Self-Distillation Approach:

  • Dataset Generation: SDFT prompts the LLM to paraphrase original response outputs into distilled responses. This semantic rewriting maintains a similar distribution to the model’s pre-fine-tuning state. Figure 1 in the paper effectively illustrates how this preserves the model's capacity for various capabilities.
  • Task-Specific Fine-Tuning: The LLM is fine-tuned on this newly constructed distilled dataset rather than the original task-specific set, slowing distribution drift and minimizing the loss of non-target capabilities.

The paper details the usage of LoRA (Low Rank Adaptation) for computational efficiency and sensible usage of resources during model adaptation.

Experimental Insights and Results

The authors evaluate the efficacy of SDFT using the Llama-2-chat model across several benchmarks including mathematical reasoning, code generation, and general task alignment tasks. Notably, when fine-tuned using SDFT, the model consistently outperforms traditionally fine-tuned models in retaining prior learned capabilities while achieving improved or comparable task-specific performance. For instance, in coding tasks evaluated on the HumanEval benchmark, SDFT not only retained prior model performance levels (pass@1 moved from 13.4 to 15.2) but also improved them beyond the baseline (27% performance loss was mitigated).

Safety and Helpfulness Alignment:

The empirical evaluations reveal that SDFT holds potential for preserving safety and helpfulness alignments in LLMs. Standard fine-tuning often degrades these metrics, posing safety risks. SDFT effectively mitigates degradation (e.g., safety alignment saw less than a 1% drop compared to up to 20% with vanilla fine-tuning).

Theoretical Implications and Future Research

From a theoretical standpoint, SDFT suggests a promising trajectory in model fine-tuning paradigms that prioritize the preservation of generalized language capabilities. It provides a methodological foundation upon which future improvements can be constructed, particularly pertaining to efficiency and scope in real-world applications.

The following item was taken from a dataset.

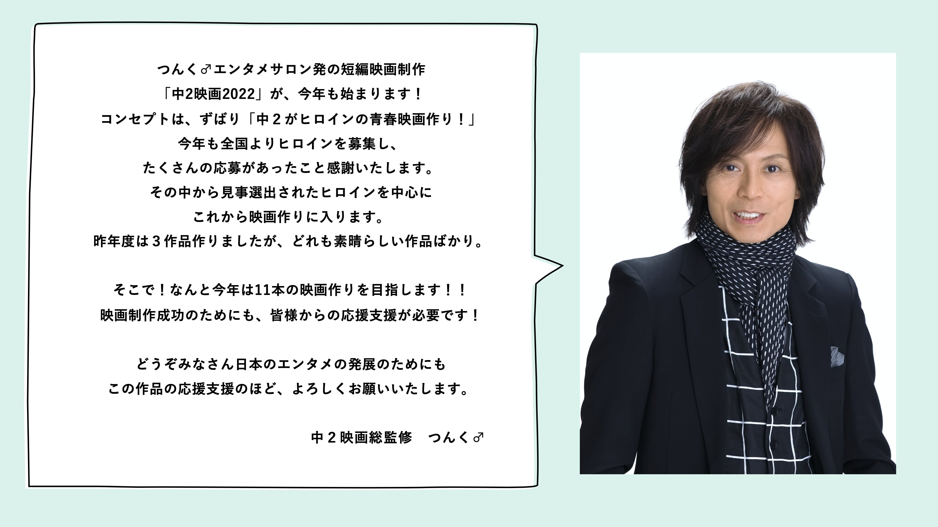 A:つんく♂総監修。「中2」をテーマに青春映画を製作するプロジェクト「中2映画プロジェクト」の第2弾になります。今年は11人の監督と17人のヒロインで11作品を製作致します。加えて、来年夏開催予定の「TOKYO青春映画祭2022」にて公開を予定しております。

Impactful future developments could explore:

  • More advanced distillation techniques or blended methods that combine self-distillation with other continual learning approaches to further alleviate catastrophic forgetting.
  • Broader evaluations against a wider variety of LLM architectures and more diversified datasets to validate the generalizability of SDFT.
  • Exploration into more nuanced safety and task alignment conditions, ensuring the model’s robust real-time response across diverse unseen scenarios.

Conclusion

In summary, the paper significant advances the conversation on LLM fine-tuning by proposing SDFT. This method strategically minimizes distributional discrepancies that jeopardize LLMs' multifaceted abilities. As the landscape of AI grows increasingly sophisticated, approaches like SDFT will be pivotal in balancing task-specific acuity and versatile general functional competencies, ensuring finer control over model adaptation processes.